(Record set begins)

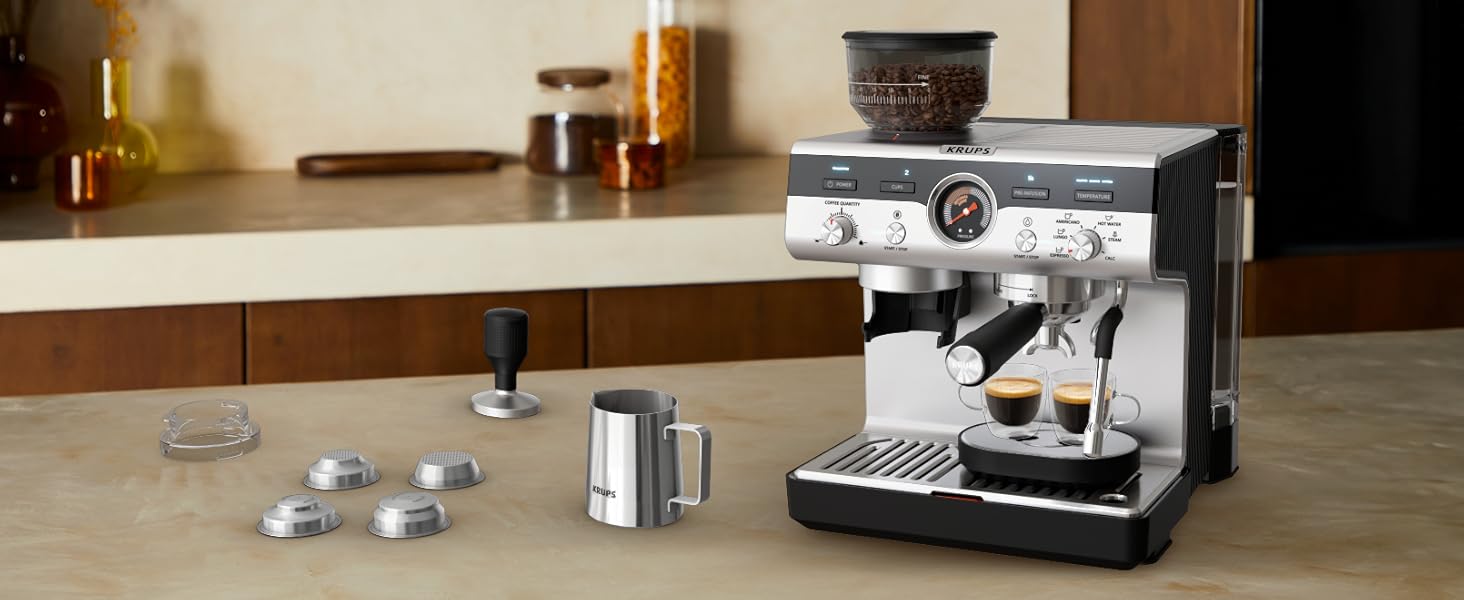 Krups XP801TG0 Manual Espresso Machine With Grinder Black/Stainless Steel
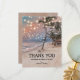 Vintage beach destination thank you cards featuring a romantic sunset tropical beach setting with lush palm trees and string twinkle lights.
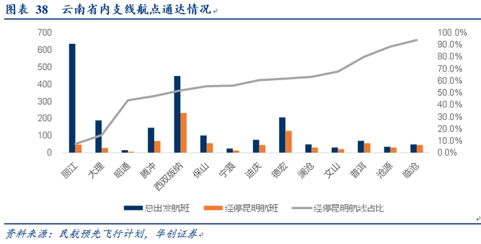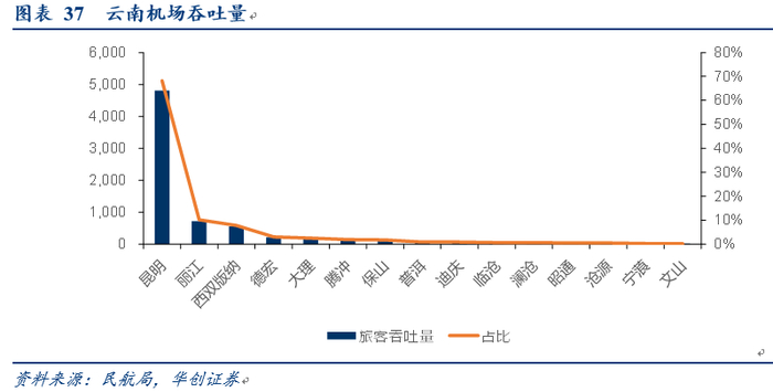 云南:公司云南航线占自身比重2.1%,明显低于全国的12%,而云南省内除了昆明、丽江、西双版纳外,其余12座机场旅客量占比不到20%,一定程度类似于新疆。
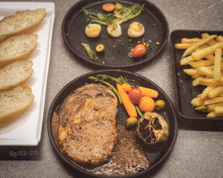 Món beefsteak (bò bít tết) ăn kèm khoai tây chiên, bánh mì và salad là một gợi ý không nên bỏ qua cho bữa tối lãng mạn.
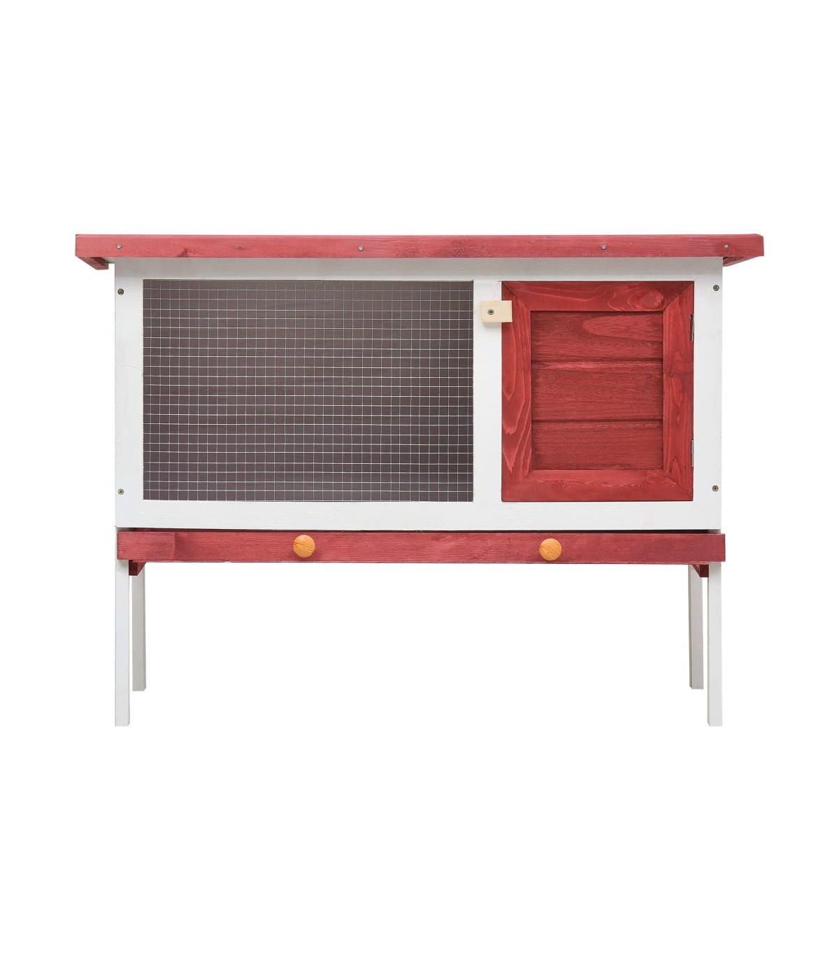 This quality hutch provides a large cozy place for keeping small animals, especially the cute rabbits. It features multiple uses: playing, exercising, training, or simply keeping your pets safely. This rabbit hutch provides your pets with plenty of exercise space while the tight iron wire mesh helps prevent mischievous behaviors and unexpected accidents. Meanwhile, the construction of iron wire grid ensures your monitoring of the pets and guarantees your pets a wide field of view and enough fresh air. The rabbit hutch is built with high-quality wood frame, making it a strong and safe enclosure that lasts for years. Its green asphalt roof keeps rain away while the cozy cubby makes the perfect sleeping quarter. And the top roof can be opened to catch or release your pets. A pull-out tray makes cleaning easy. And the door closes easily and locks with a slide-bolt latch. This wooden rabbit cage is perfect for small pets. Important note: We recommend you placing the rabbit cage under shelter. Accordingly, it will last a longer life.

(Record set ends)

Required action: Give back the exact lines above, running from the one that has "Vintage beach destination" through the one that has "云南:公司云南航线占自身比重", with nothing added and no pictures.

Answer to this problem:
 Vintage beach destination thank you cards featuring a romantic sunset tropical beach setting with lush palm trees and string twinkle lights.
 云南:公司云南航线占自身比重2.1%,明显低于全国的12%,而云南省内除了昆明、丽江、西双版纳外,其余12座机场旅客量占比不到20%,一定程度类似于新疆。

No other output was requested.